3. Eine klinische Bewertung kann sich nur dann auf klinische Daten zu einem Produkt stützen, wenn die Gleichartigkeit zwischen dem ähnlichen Produkt und dem betreffenden Produkt nachgewiesen werden kann. Zum Nachweis der Gleichartigkeit werden die folgenden technischen, biologischen und klinischen Merkmale herangezogen:

  • Technisch: Das Produkt ist von ähnlicher Bauart, wird unter ähnlichen Anwendungsbedingungen angewandt, haben ähnliche Spezifikationen und Eigenschaften einschließlich physikalisch-chemischer Eigenschaften wie Energieintensität, Zugfestigkeit, Viskosität, Oberflächenbeschaffenheit, Wellenlänge und Software-Algorithmen, verwendet gegebenenfalls ähnliche Entwicklungsmethoden und hat ähnliche Funktionsgrundsätze und entscheidende Leistungsanforderungen.
  • Biologisch: Das Produkt verwendet die gleichen Materialien oder Stoffe im Kontakt mit den gleichen menschlichen Geweben oder Körperflüssigkeiten für eine ähnliche Art und Dauer des Kontakts bei ähnlichem Abgabeverhalten der Stoffe einschließlich Abbauprodukte und herauslösbarer Bestandteile („leachables“).
  • Klinisch: Das Produkt wird unter der gleichen klinischen Bedingung oder zum gleichen klinischen Zweck, einschließlich eines ähnlichen Schweregrads und Stadiums der Krankheit, an der gleichen Körperstelle und bei ähnlichen Patientenpopulationen in Bezug auf u.a.
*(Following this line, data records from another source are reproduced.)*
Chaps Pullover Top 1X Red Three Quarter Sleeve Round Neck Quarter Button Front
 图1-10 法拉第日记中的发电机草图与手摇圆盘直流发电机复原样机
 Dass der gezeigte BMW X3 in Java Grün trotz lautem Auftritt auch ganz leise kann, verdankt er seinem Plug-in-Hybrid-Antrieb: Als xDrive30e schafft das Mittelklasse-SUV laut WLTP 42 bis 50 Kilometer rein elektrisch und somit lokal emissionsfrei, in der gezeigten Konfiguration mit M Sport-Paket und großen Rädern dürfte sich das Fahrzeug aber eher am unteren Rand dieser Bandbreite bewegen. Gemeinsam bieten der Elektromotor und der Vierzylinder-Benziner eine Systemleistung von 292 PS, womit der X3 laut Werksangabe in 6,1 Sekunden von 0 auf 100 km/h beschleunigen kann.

Alter, Anatomie und Physiologie angewandt, hat die gleichen Anwender und erbringt eine ähnliche, maßgebliche und entscheidende Leistung im Hinblick auf die erwartete klinische Wirkung für eine spezielle Zweckbestimmung.
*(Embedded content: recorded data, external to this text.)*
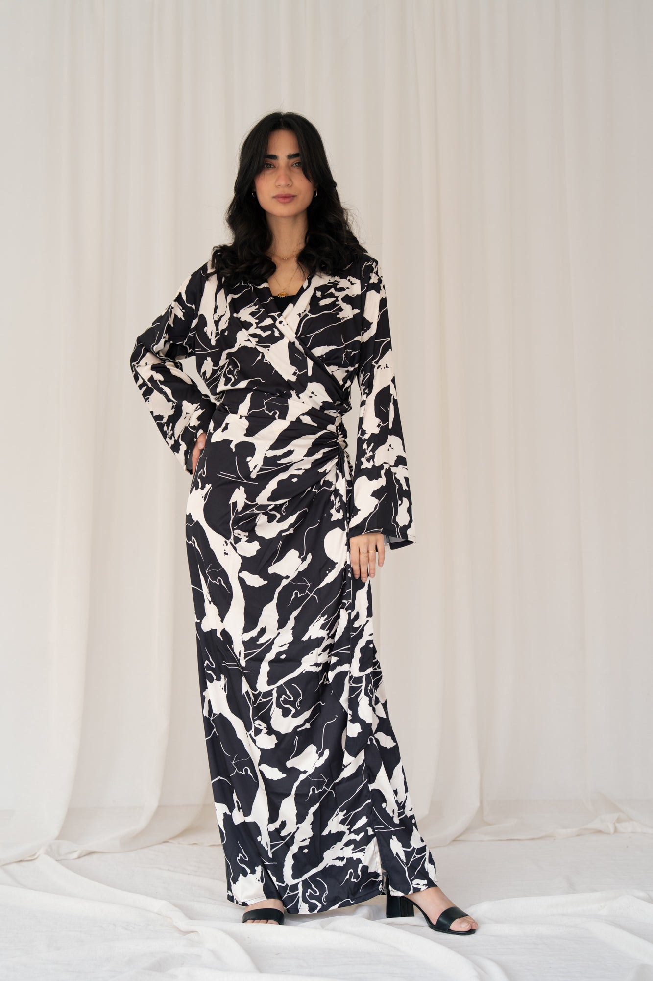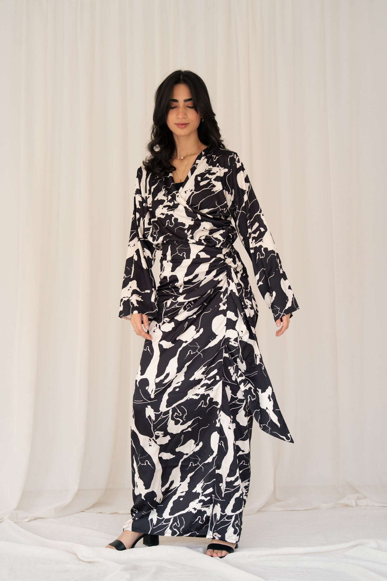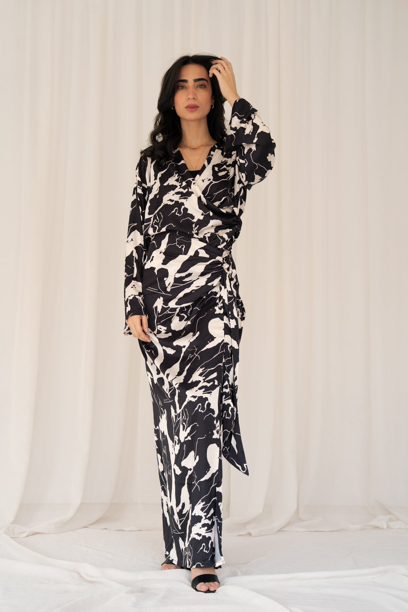 - Satin printed skirt designed to match the blouse for a coordinated, elegant set.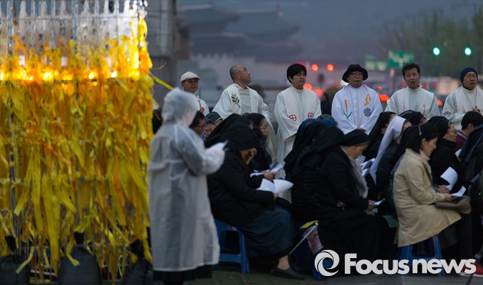 (서울=포커스튜스) 세월호 참사 2주기가 이틀 지난 18일 오후 서울 종로구 광화문광장에서 신부들과 시민들이 '세월호 희생자 기억미사'에 참석하고 있다.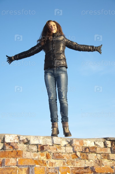Девушка стоит на кирпичной стене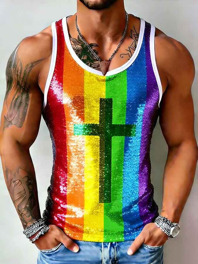 Men's Pride Month Rainbow Print Tank Top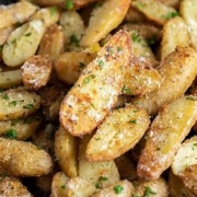 Roast until the potatoes are tender enough to easily be pierced with a fork, golden brown, and starting to shrivel slightly, flipping halfway through, 25 to 30 minutes total. Meanwhile, finely chop until you have 2 tablespoons fresh parsley leaves.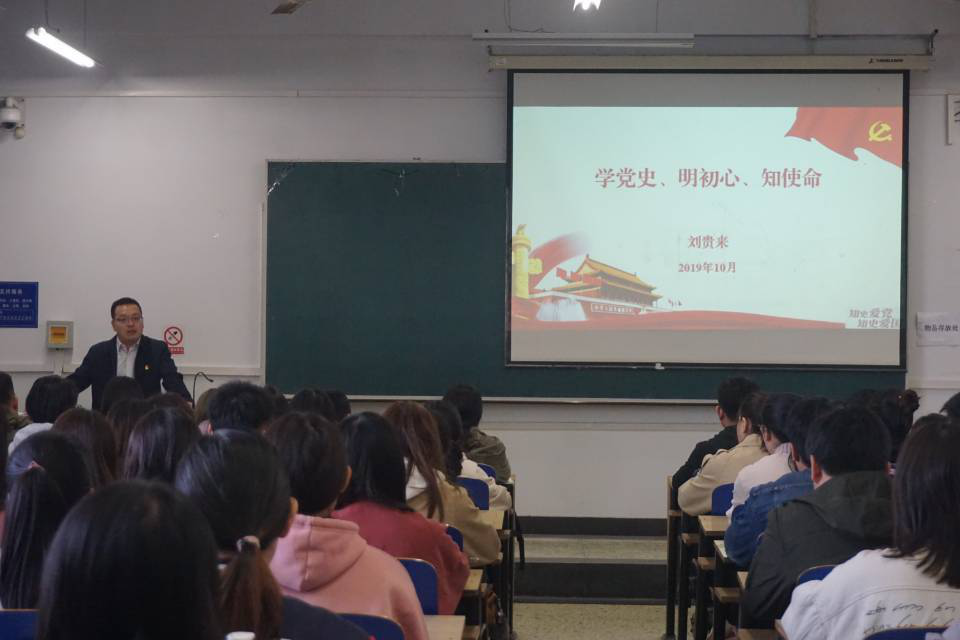 为推进中央“不忘初心、牢记使命”主题教育活动,不断筑牢党员“守初心,担使命”的思想根基,10月26日上午,冰球官网党委副书记刘贵来以“学党史,明初心,知使命”为主题,为全体学生党员,预备党员,入党积极分子讲授党课。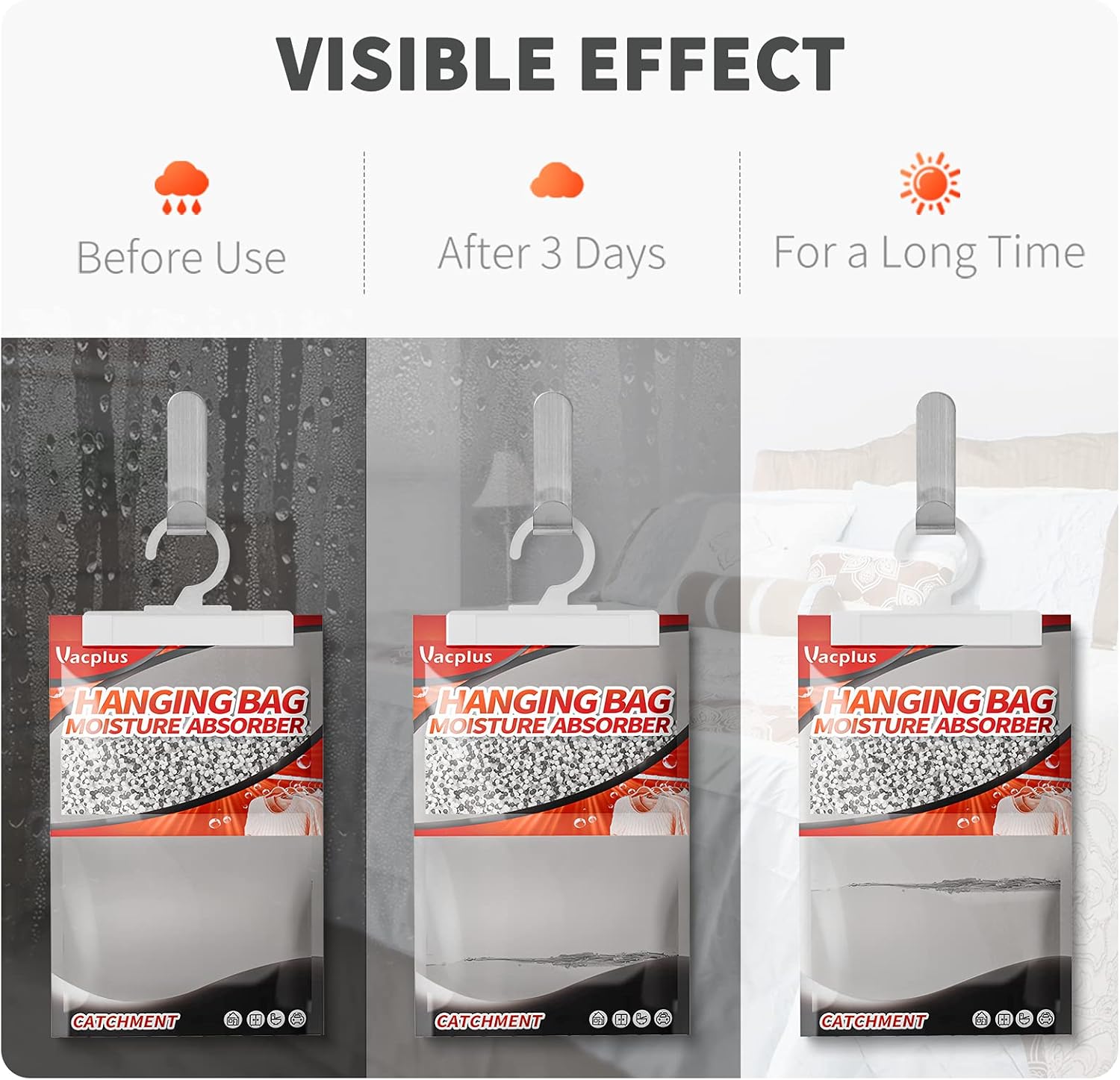 - VISIBLE EFFECT: The moisture is contained in a little plastic bag at the bottom. What amazing is that you can see the water added day by day, and really see the effectiveness. Vacplus create a dry and comfortable indoor environment.

Die im ersten Absatz aufgeführten Merkmale müssen in einer Weise gleichartig sein, dass es keinen klinisch bedeutsamen Unterschied bei der Sicherheit und klinischen Leistung der Produkte gibt. Die Prüfung der Gleichartigkeit stützt sich auf eine angemessene wissenschaftliche Begründung. Es muss eindeutig nachgewiesen werden, dass die Hersteller über einen hinreichenden Zugang zu den Daten von Produkten, mit denen sie die Gleichartigkeit geltend machen, verfügen, um die von ihnen behauptete Gleichartigkeit belegen zu können.
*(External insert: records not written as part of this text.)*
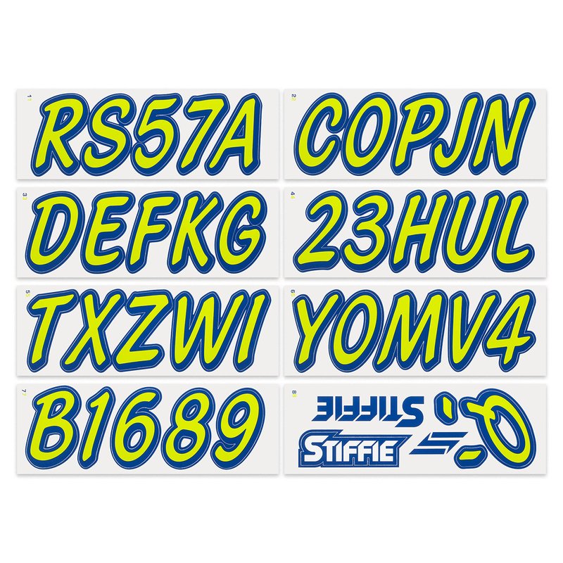 The STIFFIE Whipline Solid Alpha Numeric Identification Kit is a spin off of our premiere and best-selling Alpha Numeric Identification Kit. This is βtheβ registration decal that has set the standard for the 20+ years that it has been available on the market. This two-color registration decal features a flowing brush stroke look with a rounded cursive font type. The characters all slant forward but unlike the standard Whipline design, there is no exterior color fade in. The solid interior makes it easier to read and possibly a cleaner overall look. The exterior outline color is heavy which allows for character over lapping, enabling you to create a unified, custom look like never before. STIFFIE decals are made to match your OEM Boat, Marine Vessel or Personal Watercraft using our COLOR CLONE print system.
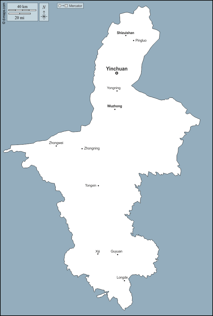d-maps > Азия > Китайская Народная Республика > Нинся > контур, Главные города, имена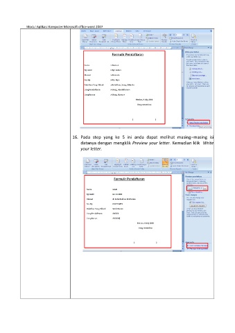 Modul Aplikasi Komputer Microsoft office word 2007 16. Pada step yang ke 5 ini anda dapat melihat masing–masing isi datanya dengan mengklik Preview your letter. Kemudian klik Write your letter.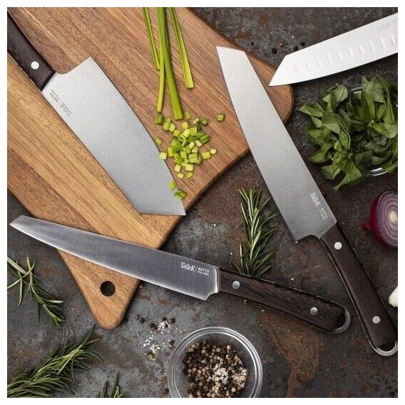 Нож поварской TalleR TR-22052, Katto, длина лезвия 20,0 см, толщина лезвия 2,3 мм Материал: нержавеющая сталь, дерево Рекомендуется ручная мойка Упаковка - цветная коробка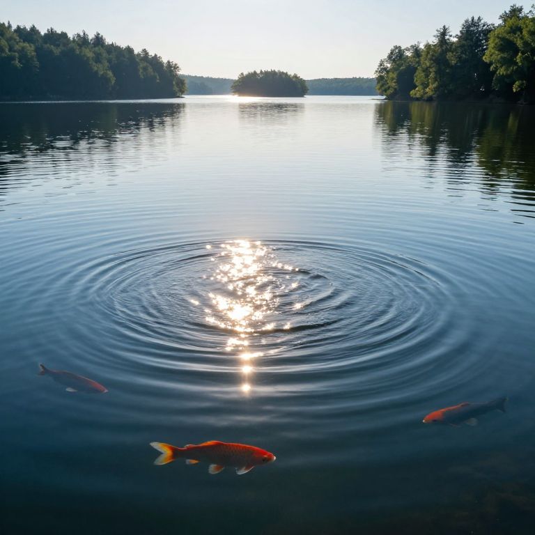 Sunlight cascades over a serene lake, casting radiant reflections as concentric ripples spiral outward, while vibrant fish swim gracefully beneath the surface, their movements mirrored by the tranquil forested islands that frame the horizon.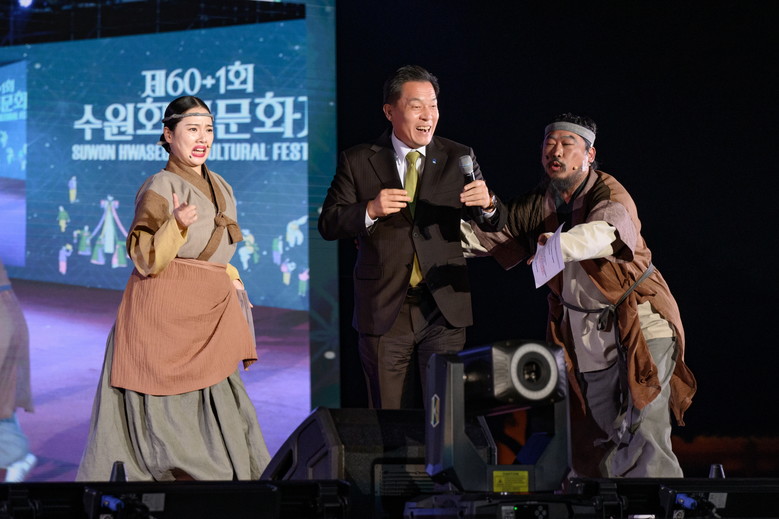 | ▲ 이재준 수원시장(가운데)이 지난해 수원화성문화제 메인공연에서 인사말을 하고 있다. |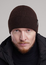 мужская классическая шапка по голове с отворотом. Связана из хлопка с добавлением вискозы, что придает шапке комфортное ощущение при носке. Металлический логотип.

4. Die Ergebnisse der klinischen Bewertung und der ihr zugrunde liegende klinische Nachweis werden in einem Bewertungsbericht aufgezeichnet, der zur Untermauerung der Konformitätsbewertung des Produkts dient.

Der klinische Nachweis und die mit nichtklinischen Testmethoden erzeugten nichtklinischen Daten sowie weitere relevante Unterlagen ermöglichen es dem Hersteller, die Konformität mit den grundlegenden Sicherheits- und Leistungsanforderungen aufzuzeigen; sie sind Teil der technischen Dokumentation des betreffenden Produkts.

In die technische Dokumentation werden sowohl die günstigen als auch die ungünstigen Daten, die in der klinischen Bewertung berücksichtigt wurden, aufgenommen.